Top of Provided records

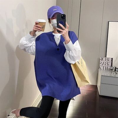 ベスト 2024年秋 百掛け Vネック レディース ノースリーブ ニット 薄手 重ね着 ゆったり ベスト 韓国ファッション
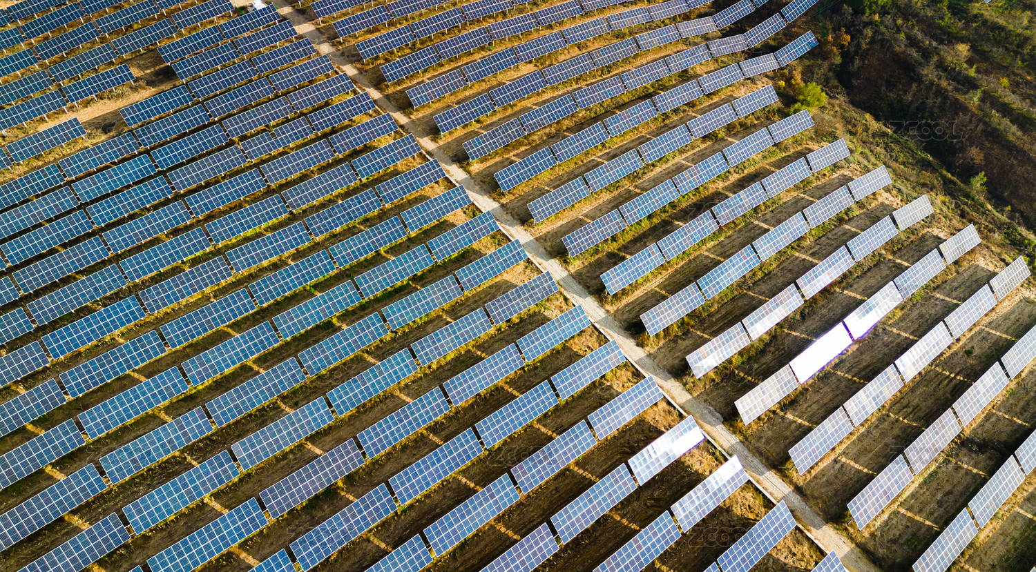 航拍户外的太阳能光伏基地
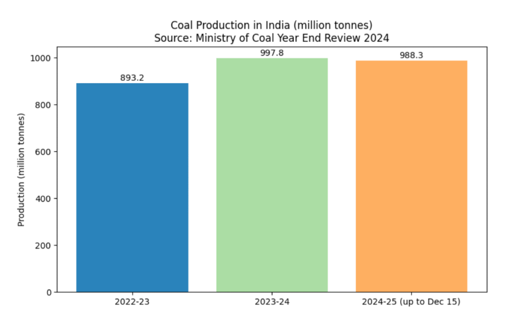 The SHAKTI (Scheme for Harnessing and Allocating Koyala Transparently in India) policy, implemented in 2017, sought to streamline coal supply to power plants by allocating long‑term coal linkages through auctions. According to the Ministry of Coal’s 2024 Year‑End Review, India produced 997.826 million tonnes of coal in 2023‑24 and aimed for 988 Mt in 2024‑25. The ministry emphasised that auctions have increased competition and revenue.
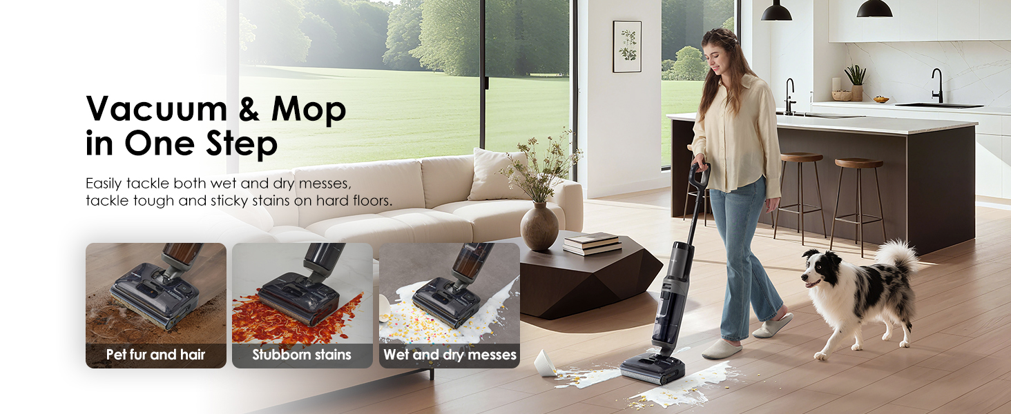 Effortlessly lifts and removes dirt, debris, and hair from your floors (including hardwood floors), while washing and vacuuming simultaneously—acting as a versatile wet-dry vacuum and mop vacuum—keeping your floors clean and dry at all times, leaving your home refreshed and spotless. Its performance outshines basic corded vacuums and even rugged wet-dry vac models, making it suitable for heavy-duty messes
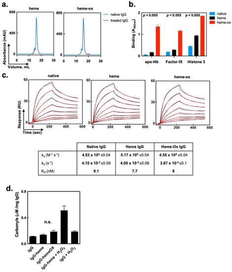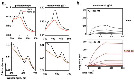 - With regard to the preparation of samples, polyclonal IgG (PBS dialyzed) was first diluted to 10 mg/mL (67 μM) in PBS, and treated with 40 μM of final concentration of heme (Fe3+), heme-ox, or excipient only. After treatment, the preparations were stored at 4 °C until use.
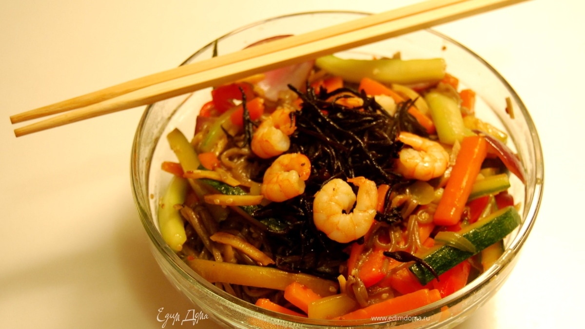 Японская жареная гречневая лапша с овощами и креветками.
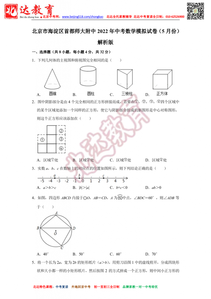 北京首都师大附中202205中考数学模拟试卷及解析(高清版)。admw360中考复读学校教研组收集整理,分享给大家。
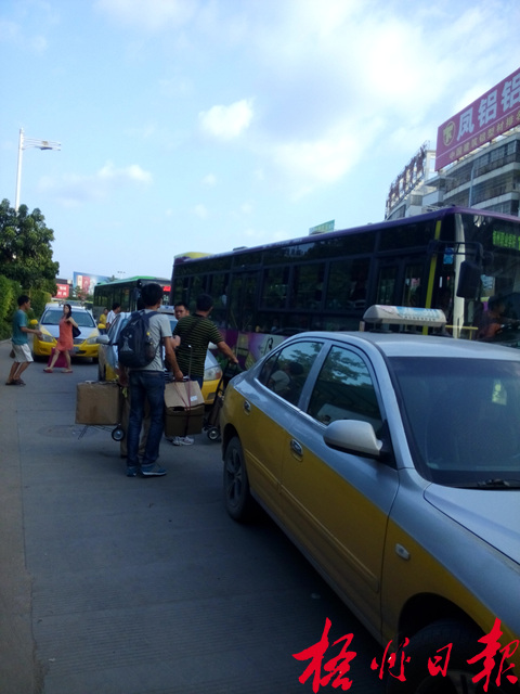 ????根據(jù)市民的反映,記者在9月15日下午四時來到公交車七中站,以了解情況。記者一下公交車就被拉客的的士和私家車司機團團圍住,不斷問“去藤縣,要不要搭車?”當記者搖頭拒絕后有的司機還不死心地繼續(xù)追著問。記者在現(xiàn)場看到,下午四時多,公交車站站臺前后的街道已經停了不少的士、私家車、摩的等招客車輛。但是,兩個不同方向的公交車站所停招客車輛有差別——七中校門口旁邊的公交車站主要是去往藤縣方向的的士、私家車、面包車占道招客,而七中校門口對面的公交車站則是藤縣大巴和在市區(qū)載客的的士,而候客摩的則停在站臺后的非機動車道上。
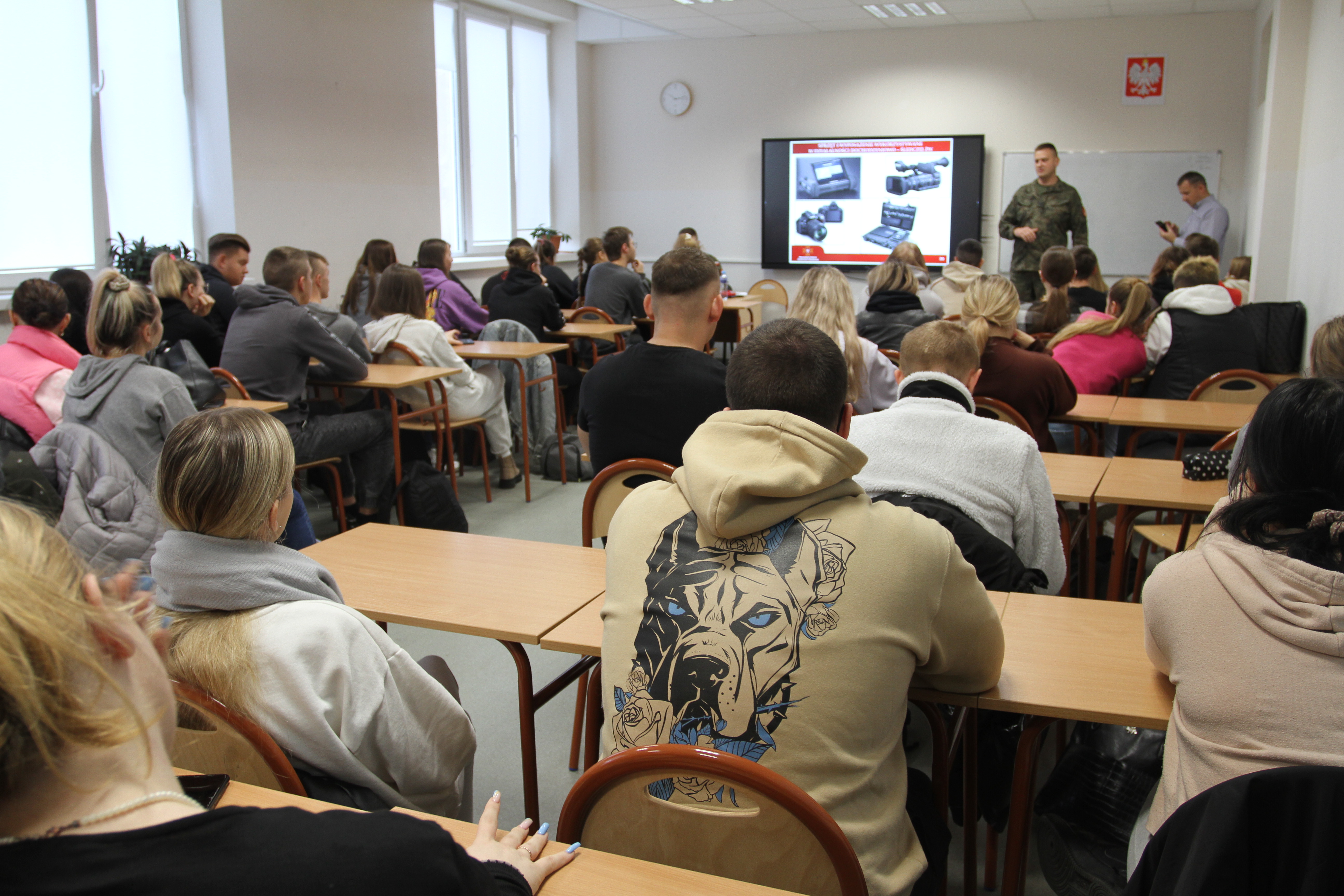 Cenną lekcję na temat pracy w żandarmerii odbyli 23 listopada 2022 r. uczniowie czwartych klas wojskowych i policyjnych Szkół im. 72 Pułku Piechoty. Na spotkanie z młodzieżą przybyli przedstawiciele Mazowieckiego Oddziału Żandarmerii Wojskowej, Placówka w Radomiu: st. chor. sztabowy Michał Puchta, mł. chor. Sebastian Curyłło i st. szer. Daniel Rutowicz. Uczniowie mieli okazję dowiedzieć się, jakie obowiązki w systemie obrony i bezpieczeństwa Ojczyzny pełnią żołnierze żandarmerii, jakie trzeba spełniać kryteria, by zostać zatrudnionym w tych służbach. Po obejrzeniu prezentacji i wysłuchaniu informacji zapewne niejeden tegoroczny maturzysta rozważy wybór swojej przyszłości zawodowej właśnie z tym kierunkiem.

Bottom of Provided records

§ **Goal of the exercise**: Going back to the data above, write out everything from the line with "航拍户外的太阳能光伏基地" down to the line with "The SHAKTI (Scheme", both included, leaving every picture out.

§ **Response below**:
 航拍户外的太阳能光伏基地
 The SHAKTI (Scheme for Harnessing and Allocating Koyala Transparently in India) policy, implemented in 2017, sought to streamline coal supply to power plants by allocating long‑term coal linkages through auctions. According to the Ministry of Coal’s 2024 Year‑End Review, India produced 997.826 million tonnes of coal in 2023‑24 and aimed for 988 Mt in 2024‑25. The ministry emphasised that auctions have increased competition and revenue.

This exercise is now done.